Table 1 Composition and thermal properties of the formulations 3D printed
Formulation Monomer 1 (mol%) Monomer 2 (mol%) HEMA (mol%) BAPO 10 (mol%) Tg (°C)
F1 0.00 0.25 98.25 1.50 80
F2 0.00 0.50 98.00 1.50
F3 0.00 0.75 97.75 1.50 77
F4 0.00 1.00 97.50 1.50 76
F5 0.125 0.13 98.25 1.50 111
F6 0.25 0.25 98.00 1.50 110
F7 0.5 0.25 97.75 1.50 105
F8 0.25 0.5 97.75 1.50 110


To examine the hydration of the 3D printed polymeric hydrogels, diamond (5 × 5 × 5 mm) and gyroid lattice cubes (10 × 10 × 10 mm) were printed from formulations F1–F8 and swollen in water at room temperature for 24 hours. The soft hydrogelating polymer lattices were compliant enough to be deformed by gentle squeezing with tweezers (see Fig. 1, Video S1 and Fig. S21) and returned to its original shape once the force was removed.
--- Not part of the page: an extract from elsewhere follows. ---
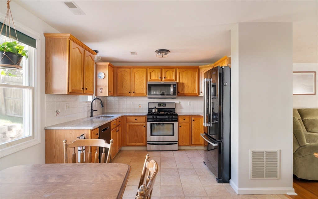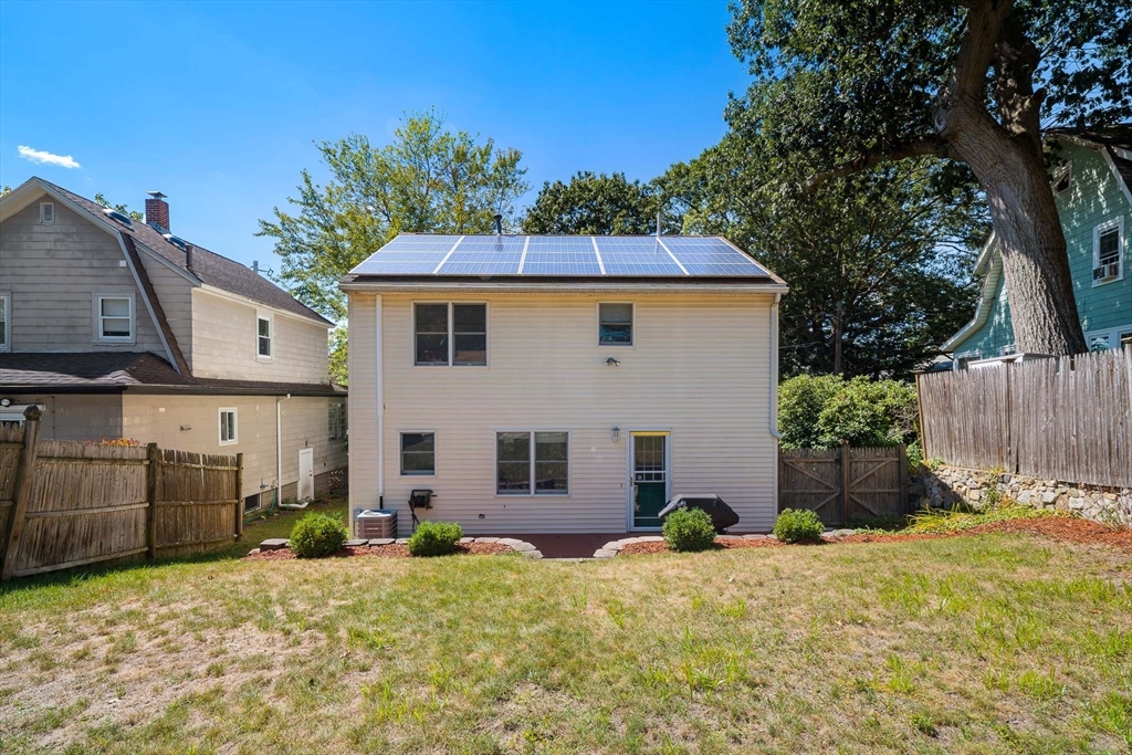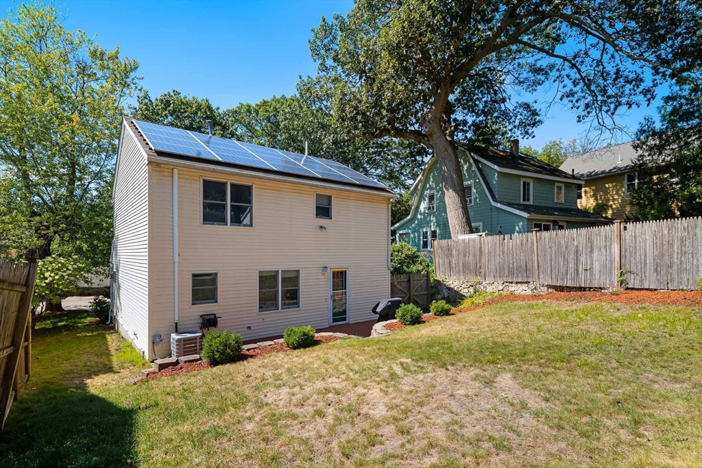 Welcome to this charming North Medford single-family home, move-in ready and ideal for first-time buyers or downsizers. Built in 1998, this lovely 2-level home offers a well-designed layout with 3 bedrooms, 1.5 baths, and an attached 1-car garage plus additional driveway parking. Enjoy central air, main-level laundry, a gas fireplace, cost-saving solar panels, and ample storage. The sun-filled eat-in kitchen features black and stainless steel appliances, granite countertops, a tile backsplash, and a pantry. A half bath with laundry completes the first floor. The generous backyard is an outdoor oasis, featuring a patio for entertaining, a lush lawn for relaxing, a garden shed, and a workshop shed. Set on a quiet street just minutes from local favorites: the swimming beach at Wright’s Pond (.5m), hiking and biking trails in the Fells (1 m), restaurants, bus lines and shops in Medford Square (1.5 m), and the orange line MBTA stop in Malden Center (1.8m).

In order to manufacture a robust, yet flexible, structure from the hydrogelating monomers which could undergo a controlled change in shape and volume, a number of designs and printed lattices were screened, see Fig. S22–S26. Whilst solid cubic shapes were first explored using HEMA as the monomer, these did not provide enough freedom of motion when hydrated to allow for shape-changes and were therefore were excluded. To promote deformation in the structure, a series of strut- and surface-based lattice structures were selected for further investigations. Lattices are now commonly used in additive manufacturing on account of their innately modifiable properties. Their strength and stiffness, for example, can be tailored through selection of unit cell geometry, volume fraction and constituent material. This makes lattices desirable for a range of applications, including regenerative medicine, where matching the mechanical properties of a printed part to that of healthy organic tissue is important.53,54 For the application described here, the open connected structures of lattices provide a further exploitable property – they allow high throughput of light to the internal structure. The high surface-to-volume ratio of lattices is also beneficial in that it promotes gelation, while the high percentage of void space thus enables mobility of polymer struts under light actuation.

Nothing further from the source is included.